Here is an example:
Let $M=\mathbb{R}^3$ be a smooth manifold, and $S\subset M$ be an embedded submanifold with codimension $1$(say, $S$ is the unit sphere). I suppose $\exists V\in\mathfrak{X}(M)$ that is nowhere tangent to $S$ so that $S$ is orientable. Let $\omega=xdy\wedge dz + ydz\wedge dx + zdx\wedge dy \in\Omega^2(M) $ and $X = x\frac{\partial}{\partial x} + y\frac{\partial }{\partial y} + z\frac{\partial}{\partial z} \in \mathfrak{X}(M)$, then the integration of $\omega$ over $S$, which is $\int_S\iota^*\omega$ with $\iota$ being the inclusion map, will eqaul to the classical surface integration of $X$ over the surface $S$, if we choose proper orientation.
Can anyone give me a straightforward explanation from definitions why these two are equal?

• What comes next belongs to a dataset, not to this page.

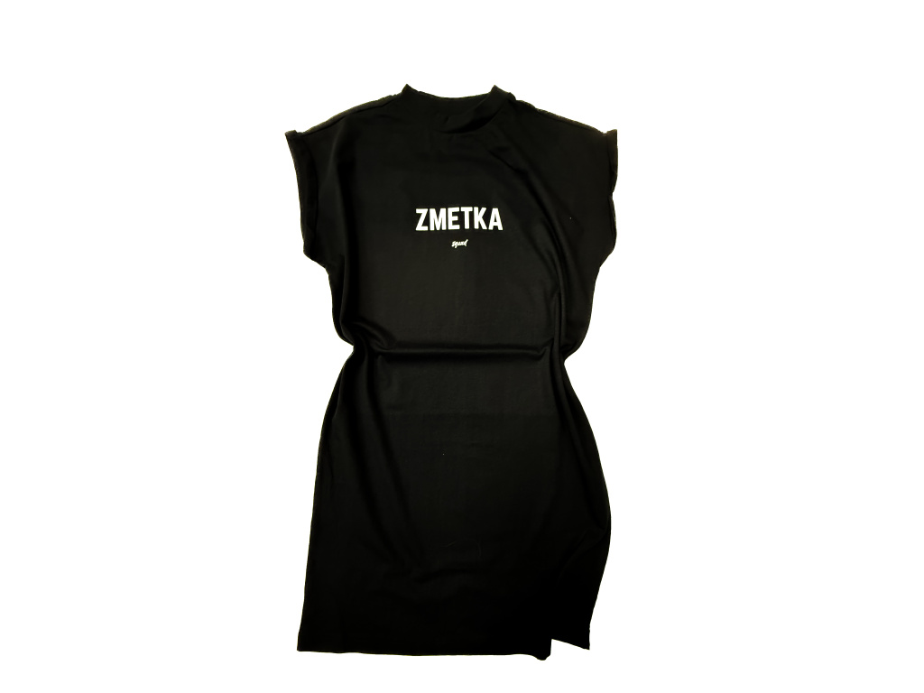 Šaty ležérního střihu s potiskem termotransferu na předním díle. Případný čtverec mírně odlišné barvy okolo designu po vyprání zmizí.
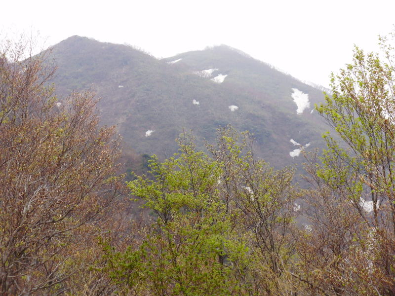 | <シャクナゲ平> スキー場から山頂までは約1200mの高低差があり、アップダウンが少なくひたすら上へ 上へと登る。木の階段が何度も続く、早朝出発の人が降りてくる、苦しい息づかいを聞い て声を掛ける人もいる。 急坂を数回登り、二時間半経ってシャクナゲ平に到着する。ここは小荒島岳への分岐に もなっている。昼食の時間だが山頂まで延ばすことにして、軽食を摂る。 先の方に三峰みたいな山稜が見え、標準の一時間で届くとは思えない。今日はピッチが 上がらずペースは遅い。 |

This is because the classical surface integration of $X$ on the surface $S$ can be written as $$\int_S\vec{X}\cdot d\vec{S} = \int_S\iota^*[X\lrcorner(dx\wedge dy\wedge dz)] $$ where the right side stands for the integration on manifolds. Because $X\lrcorner(dx\wedge dy\wedge dz)=\omega$, we have $$\int_S\vec{X}\cdot d\vec{S}=\int_S \omega$$.